Sunday, September 28, 2014

Nay, Speak No Ill

There is always an option to judge others, or support them. To criticize or encourage. To demean or enlighten, To resent, or forgive. To envy or compliment. So often we can have another friend if we just choose to first be a friend by choosing the latter of each of the previous options.

"Those of whom we thought unkindly, oft become our warmest friends." So true (from the hymn "Should you Feel Inclined to Censure").

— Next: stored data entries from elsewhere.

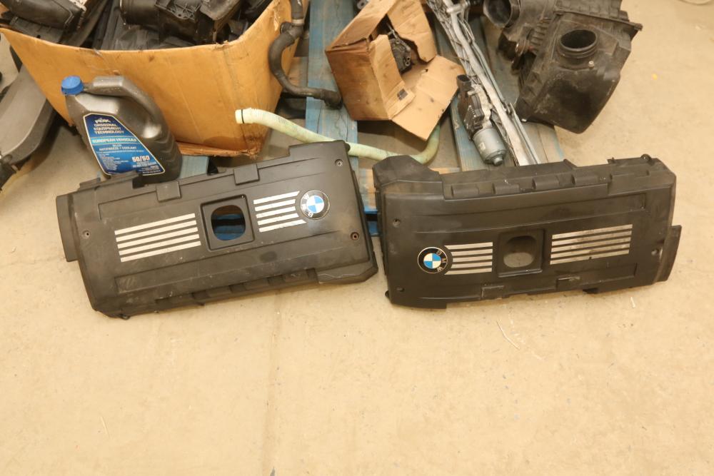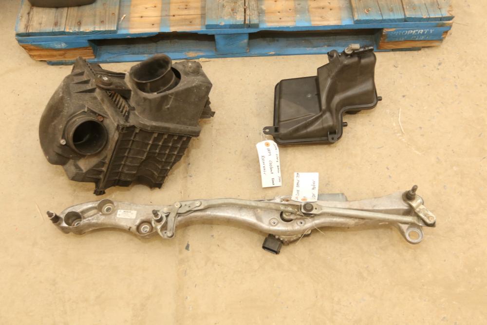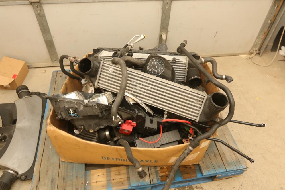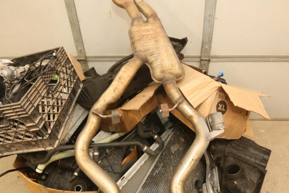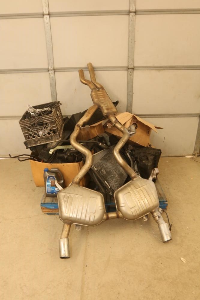 Automotive parts believed to be BMW incl exhaust system, radiators, rear view mirrors, starter fans, engine bay covers, air intake box, wiper motor, coolant tank reservoir, speakers, coolant lines, etc. Pickup only.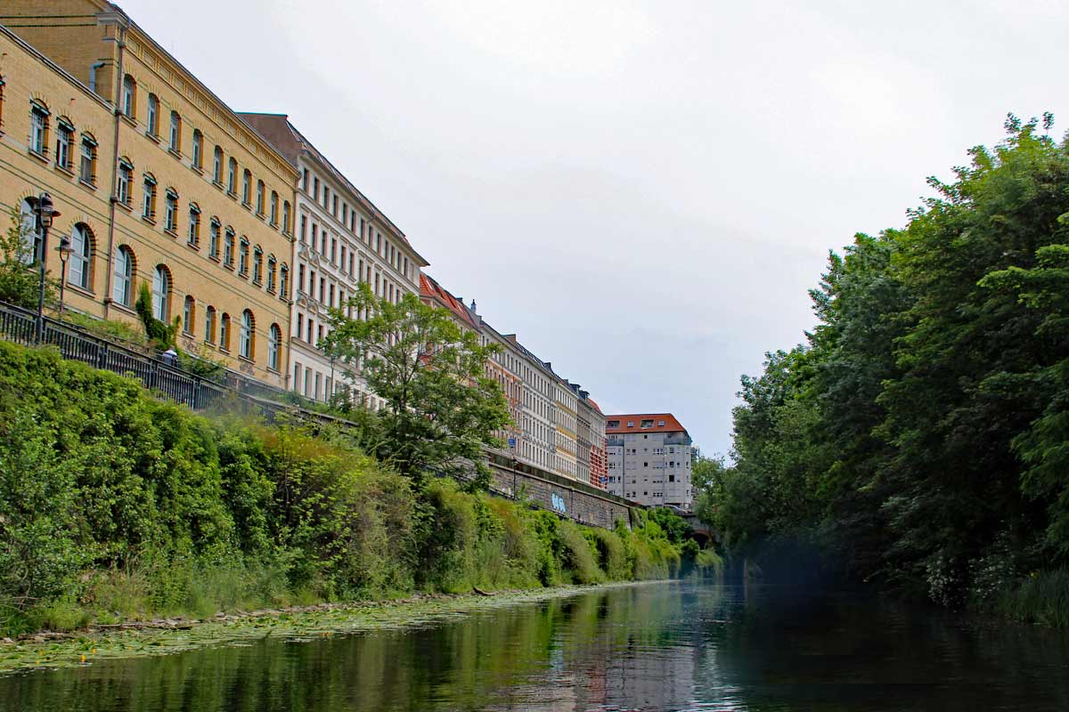 Weiter geht es entlang dem Gelände der alten Buntgarnwerke, einer ehemaligen Garnfabrik aus dem späten 19. Jahrhundert. Hierbei handelt es sich um eines der größten Industriedenkmäler Deutschlands, das heute in teuerste Loft-Wohnungen umgewandelt wurden. Die ganze Fahrt durch stille Flusslandschaften mit altem Baumbestand lässt dich schnell vergessen, daß du mitten in der Stadt bist. Du gewinnst einen ganz neuen und grünen Blick auf Leipzig.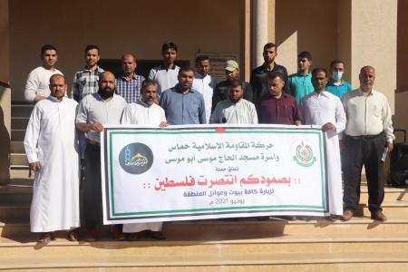 أطلقت حركة المقاومة الإسلامية "حماس" وأسرة مسجد الحاج موسى أبو موسى حملة زيارات عوائل المنطقة كافة تحت عنوان " بصمودكم انتصرت فلسطين" والتي تستهدف منطقة البراق والياباني غرب خان يونس.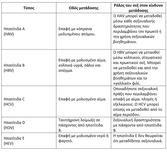 Η ηπατίτιδα ιογενούς προέλευσης συνήθως προκαλείται από έναν από τους ιούς A, B, C, D ή Ε. Η πλειοψηφία αυτών των ιών μπορεί να μεταδοθεί σεξουαλικά όπως φαίνεται στον παρακάτω πίνακα: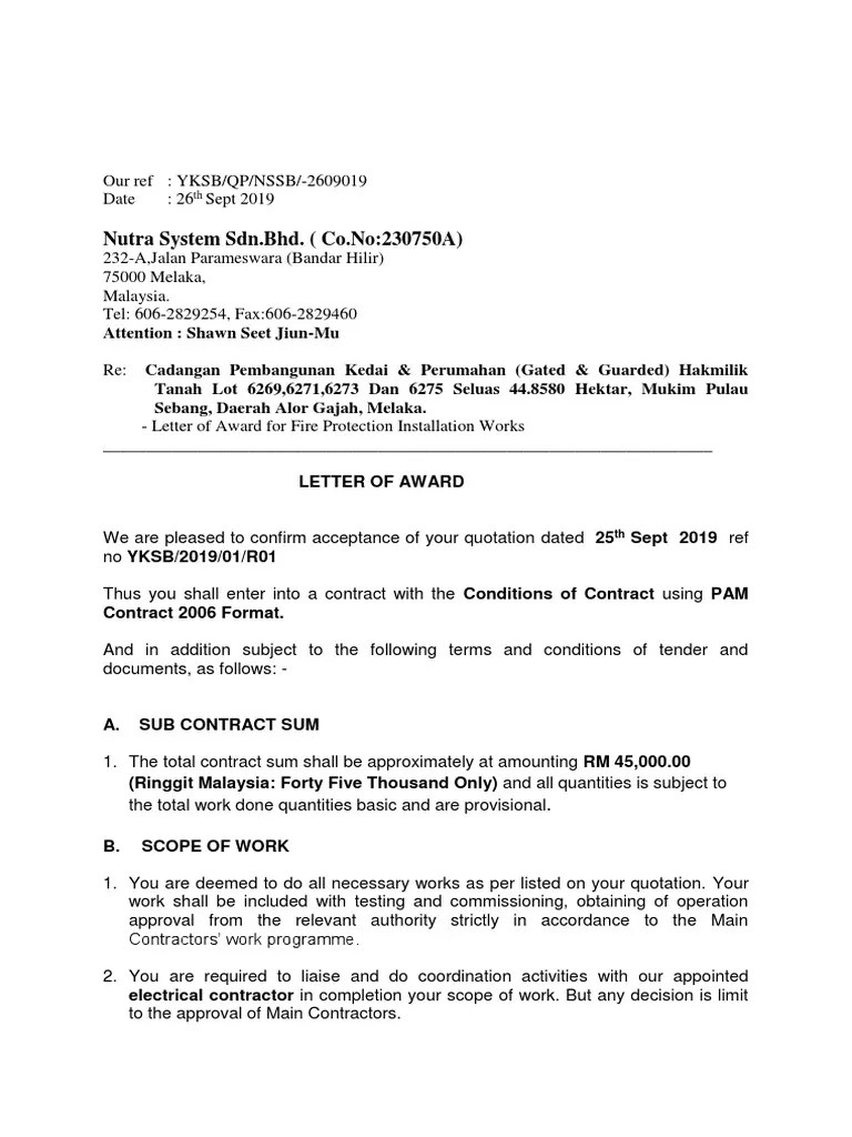 Essential information to include in a contractor letter of award is the date the contractor submitted tender or interest, the monetary value of the contract, . Learn how to reward your employees. Include the prime contractor agreement as an enclosure for execution now only where the successful bidder has been designated as the . Sample letter of award (without project consultant) date: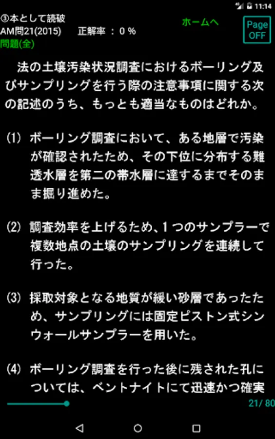 学習のコツは、全体概要を把握して、自分が苦手とするところを何度も読み込むことが大切です。このアプリは回答者が苦手とするところを解析して出題確率を上げていくので、自然に苦手とする問題が解けるようになっていきます。もちろん、問題を順番どおりにやることも、あなたが再度解きたい問題への移動も可能ですし、本としても読むことができます。また、あなたの理解状況を自ら解析を行なえるようになっています。

I also love the following words:
Nay speak no ill; a kindly word can never leave a sting behind; And, oh, to breathe each tale we've heard is far beneath a noble mind. Full oft a better seed is sown by choosing thus the kinder plan, For, if but little good is known, still let us speak the best we can.
Give me the heart that fain would hide, would fain another's faults efface. How can it please the human pride to prove humanity but base? No, let us reach a higher mood, a nobler estimate of man; be earnest in the search for good, and speak of all the est we can.
Then speak no ill, but lenient be to others' failings as your own. If you're the first a fault to see, be not the first to make it known, for life is but a passing day; no lip may tell how brief its span. Then, oh, the little time we stay, let's speak of all the best we can. 
I hope to be better at speaking well of others and holding my tongue when it is about to produce an "ill utterance."